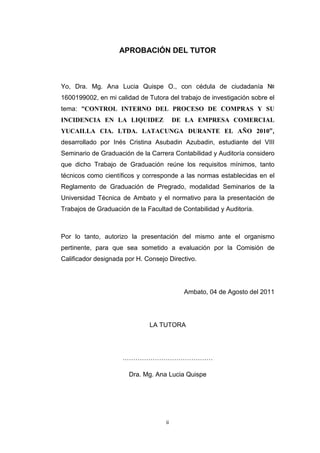 Este documento presenta un resumen de un trabajo de graduación sobre el control interno del proceso de compras y su incidencia en la liquidez de la empresa comercial Yucailla Cía. Ltda. en Latacunga durante el año 2010. El trabajo analiza el control interno del proceso de compras, identifica sus falencias y su impacto en la liquidez de la empresa. Propone el diseño e implementación de un sistema de control interno para mejorar los procesos de compras y la liquidez. El trabajo concluye que un mejor control interno en compras mejoraría la liquide
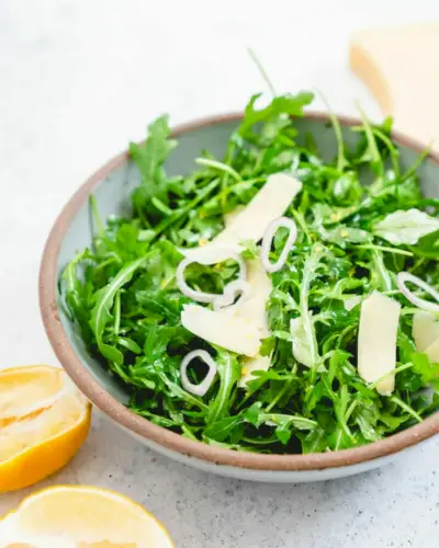 Eine weitere fantastische Beilage zu Jakobsmuscheln: der einfachste Rucola-Salat. Es ist wahrscheinlich der einfachste Salat, den Sie zubereiten können. Sie müssen nicht einmal ein Salatdressing zubereiten! In 5 Minuten haben Sie einen eleganten Salat, der buchstäblich zu allem passt.
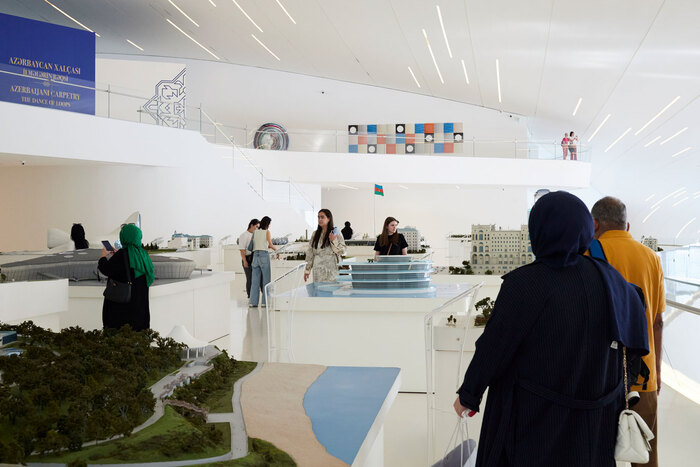 Здание впечатляет не только нестандартной архитектурой, но и своими размерами – его внутреннее пространство превышает 10 гектаров, что в четыре раза больше Красной площади. К сожалению большая часть пространства не используется, либо закрыта для посетителей, а оставшаяся часть вызывает вопросы. Несколько залов отведено под культуру Азербайджана: ковры, музыкальные инструменты, национальные костюмы и другое. Также часть экспозиции посвящена бывшему президенту Азербайджана, в честь которого и создали центр.
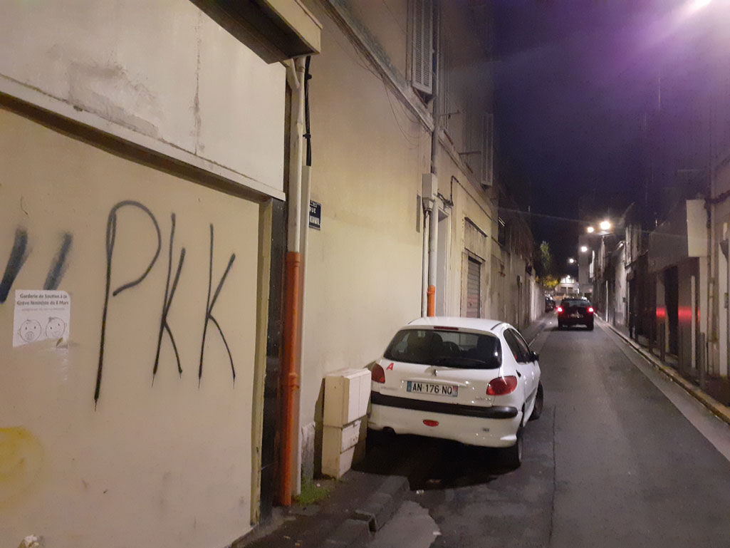 22 Nisan akşamı bir araya gelen aktivistler Nehêle hamlesi kapsamında pankart ve yazılama eylemi gerçekleştirdi. Köprüye “Stop à L’aviation turc qui bombarde les civil de Mexmûr” yazılı pankartı asan Kürt gençleri, duvarları da “PKK”, “PKK halktır halk burada”, “Defend Mexmûr”, “Katil TC hesap verecek”, “Diktatör Erdoğan” yazıları ile renklendirdi. Eylemciler Kürt gençlerini Mexmûr’a sahiplenmeye, işbirlikciliğe ve ihanete karşı mücadeleyi büyütmeye çağırdı.
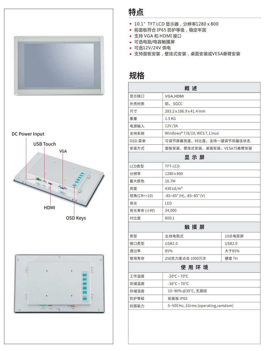设备提供VGA和HDMI双接口,兼容多种工业设备与主机的信号输入,方便系统集成 。用户可根据实际应用需求,在电阻式与电容式触摸屏之间灵活选择:电阻屏支持手套、触笔等介质操作,环境适应性广;电容屏则支持多点触控,提供更流畅灵敏的触控体验 。供电方式支持12V或24V直流输入,适应不同的现场电源配置 。
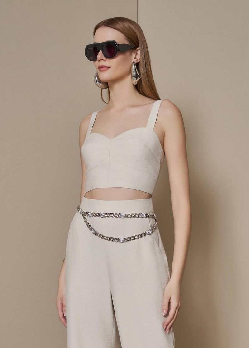 No banho prata, o cinto ganha uma elegância moderna e refinada. Os cristais realçam ainda mais o efeito metálico, trazendo luminosidade sem exagero. É o acessório ideal para elevar looks minimalistas, dar charme a composições monocromáticas e criar pontos de luz estratégicos no styling.
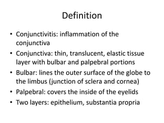 The document provides a detailed overview of conjunctivitis, including its definitions, classifications, and causes, with a focus on viral and bacterial forms. It describes the clinical presentations, symptoms, and treatments for various types of conjunctivitis such as acute serous, hemorrhagic, and follicular conjunctivitis, as well as bacterial forms like mucopurulent and purulent conjunctivitis. Additionally, it covers specific cases such as ophthalmia neonatorum and highlights the importance of prophylaxis and treatment strategies to prevent secondary infections.
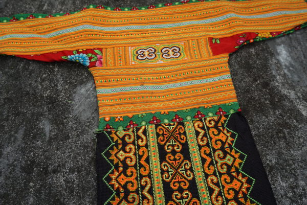 Schort Oranje Klaver is een handgemaakte apron van de berg stammen uit Noordelijk Vietnam met prachtig borduurwerk.
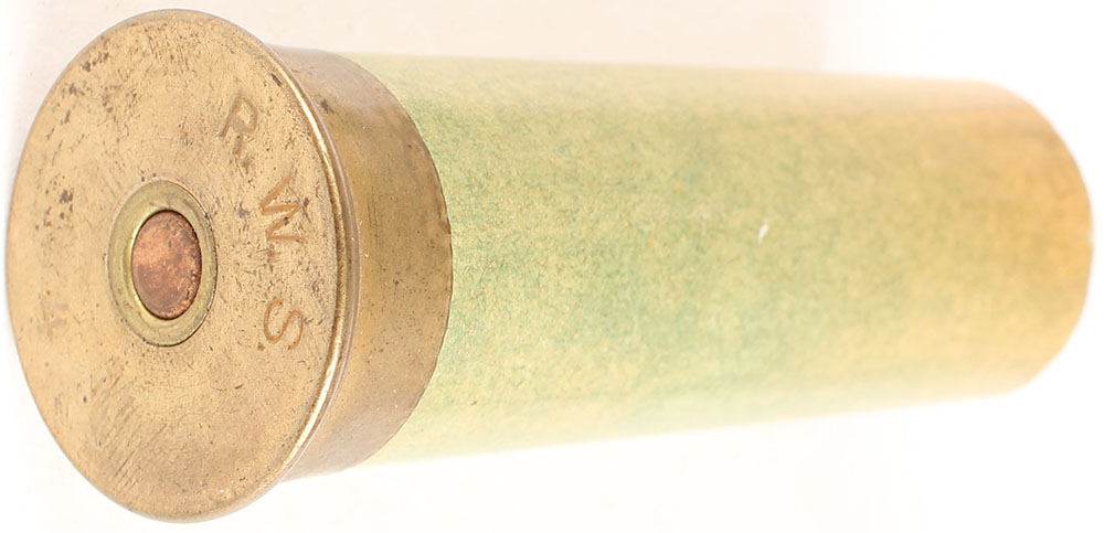 H/S= R.W.S.4ga'' 3 1/4'' OAL, empty green paper case. Grade: Very Good ++ - Value: 10 to 50
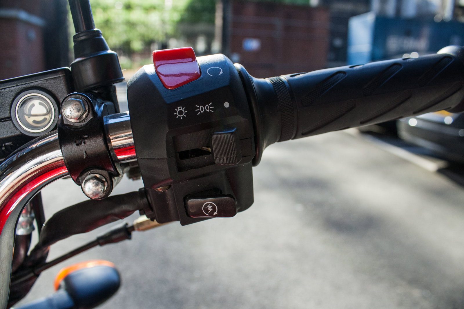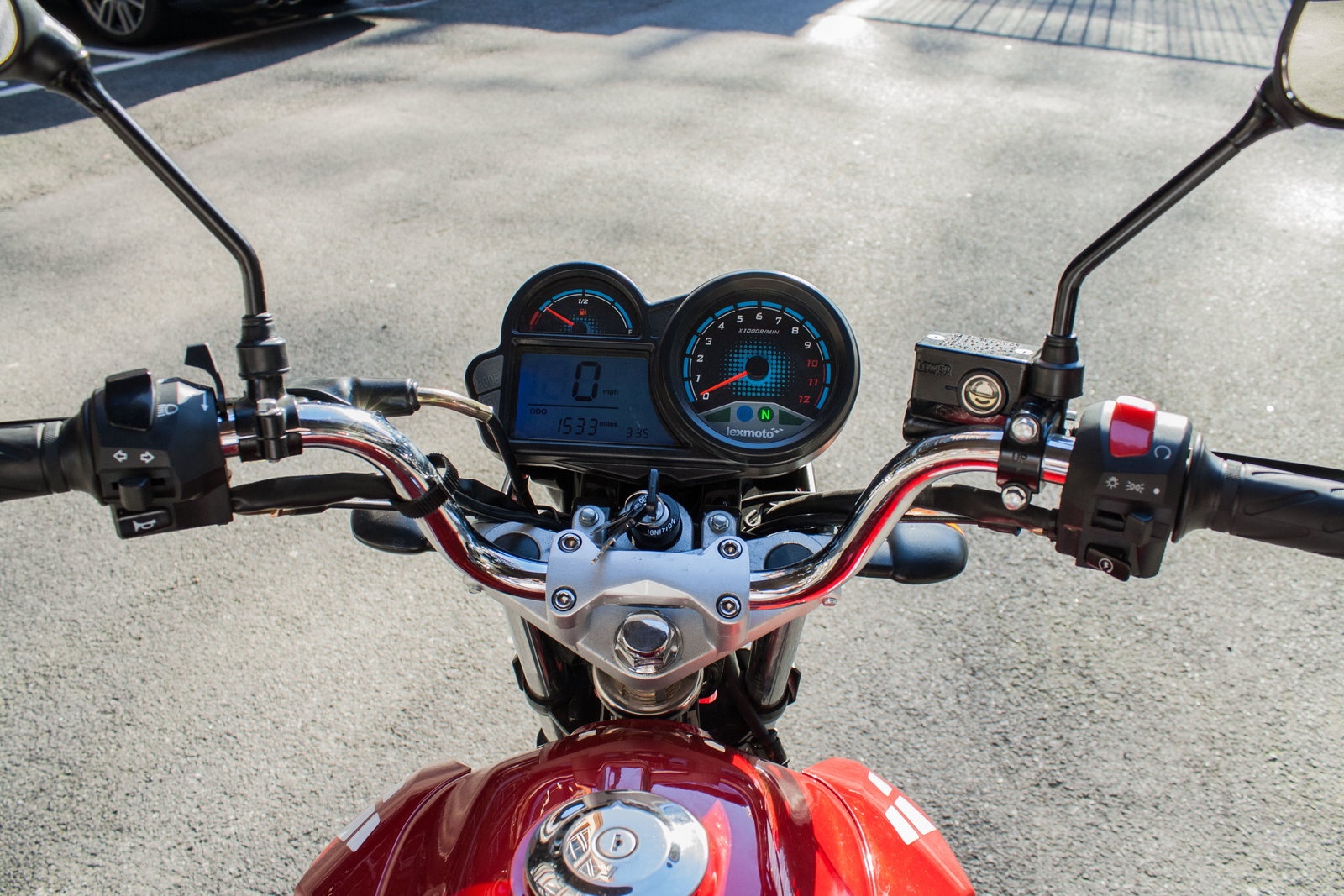 I mentioned that the ZSF has a gear indicator on the dash, which I wasn’t expecting for just over £1k. The dash itself is basic, functional and clear, with speed and revs easily visible at a glance. It was a pleasant surprise when I first turned the ignition on and saw the rev counter even sweep round to the 12,000 rpm redline before settling back to zero. It’s the same story with the bar switches, which all works nicely and feels like good quality.
----
• [Exercise brief]:
Restate the records in full and word for word, but keep the pictures out.

• [Answer]:
 Este documento presenta un resumen de un trabajo de graduación sobre el control interno del proceso de compras y su incidencia en la liquidez de la empresa comercial Yucailla Cía. Ltda. en Latacunga durante el año 2010. El trabajo analiza el control interno del proceso de compras, identifica sus falencias y su impacto en la liquidez de la empresa. Propone el diseño e implementación de un sistema de control interno para mejorar los procesos de compras y la liquidez. El trabajo concluye que un mejor control interno en compras mejoraría la liquide
 Eine weitere fantastische Beilage zu Jakobsmuscheln: der einfachste Rucola-Salat. Es ist wahrscheinlich der einfachste Salat, den Sie zubereiten können. Sie müssen nicht einmal ein Salatdressing zubereiten! In 5 Minuten haben Sie einen eleganten Salat, der buchstäblich zu allem passt.
 Здание впечатляет не только нестандартной архитектурой, но и своими размерами – его внутреннее пространство превышает 10 гектаров, что в четыре раза больше Красной площади. К сожалению большая часть пространства не используется, либо закрыта для посетителей, а оставшаяся часть вызывает вопросы. Несколько залов отведено под культуру Азербайджана: ковры, музыкальные инструменты, национальные костюмы и другое. Также часть экспозиции посвящена бывшему президенту Азербайджана, в честь которого и создали центр.
 22 Nisan akşamı bir araya gelen aktivistler Nehêle hamlesi kapsamında pankart ve yazılama eylemi gerçekleştirdi. Köprüye “Stop à L’aviation turc qui bombarde les civil de Mexmûr” yazılı pankartı asan Kürt gençleri, duvarları da “PKK”, “PKK halktır halk burada”, “Defend Mexmûr”, “Katil TC hesap verecek”, “Diktatör Erdoğan” yazıları ile renklendirdi. Eylemciler Kürt gençlerini Mexmûr’a sahiplenmeye, işbirlikciliğe ve ihanete karşı mücadeleyi büyütmeye çağırdı.
设备提供VGA和HDMI双接口,兼容多种工业设备与主机的信号输入,方便系统集成 。用户可根据实际应用需求,在电阻式与电容式触摸屏之间灵活选择:电阻屏支持手套、触笔等介质操作,环境适应性广;电容屏则支持多点触控,提供更流畅灵敏的触控体验 。供电方式支持12V或24V直流输入,适应不同的现场电源配置 。
 No banho prata, o cinto ganha uma elegância moderna e refinada. Os cristais realçam ainda mais o efeito metálico, trazendo luminosidade sem exagero. É o acessório ideal para elevar looks minimalistas, dar charme a composições monocromáticas e criar pontos de luz estratégicos no styling.
 The document provides a detailed overview of conjunctivitis, including its definitions, classifications, and causes, with a focus on viral and bacterial forms. It describes the clinical presentations, symptoms, and treatments for various types of conjunctivitis such as acute serous, hemorrhagic, and follicular conjunctivitis, as well as bacterial forms like mucopurulent and purulent conjunctivitis. Additionally, it covers specific cases such as ophthalmia neonatorum and highlights the importance of prophylaxis and treatment strategies to prevent secondary infections.
 Schort Oranje Klaver is een handgemaakte apron van de berg stammen uit Noordelijk Vietnam met prachtig borduurwerk.
 H/S= R.W.S.4ga'' 3 1/4'' OAL, empty green paper case. Grade: Very Good ++ - Value: 10 to 50
 I mentioned that the ZSF has a gear indicator on the dash, which I wasn’t expecting for just over £1k. The dash itself is basic, functional and clear, with speed and revs easily visible at a glance. It was a pleasant surprise when I first turned the ignition on and saw the rev counter even sweep round to the 12,000 rpm redline before settling back to zero. It’s the same story with the bar switches, which all works nicely and feels like good quality.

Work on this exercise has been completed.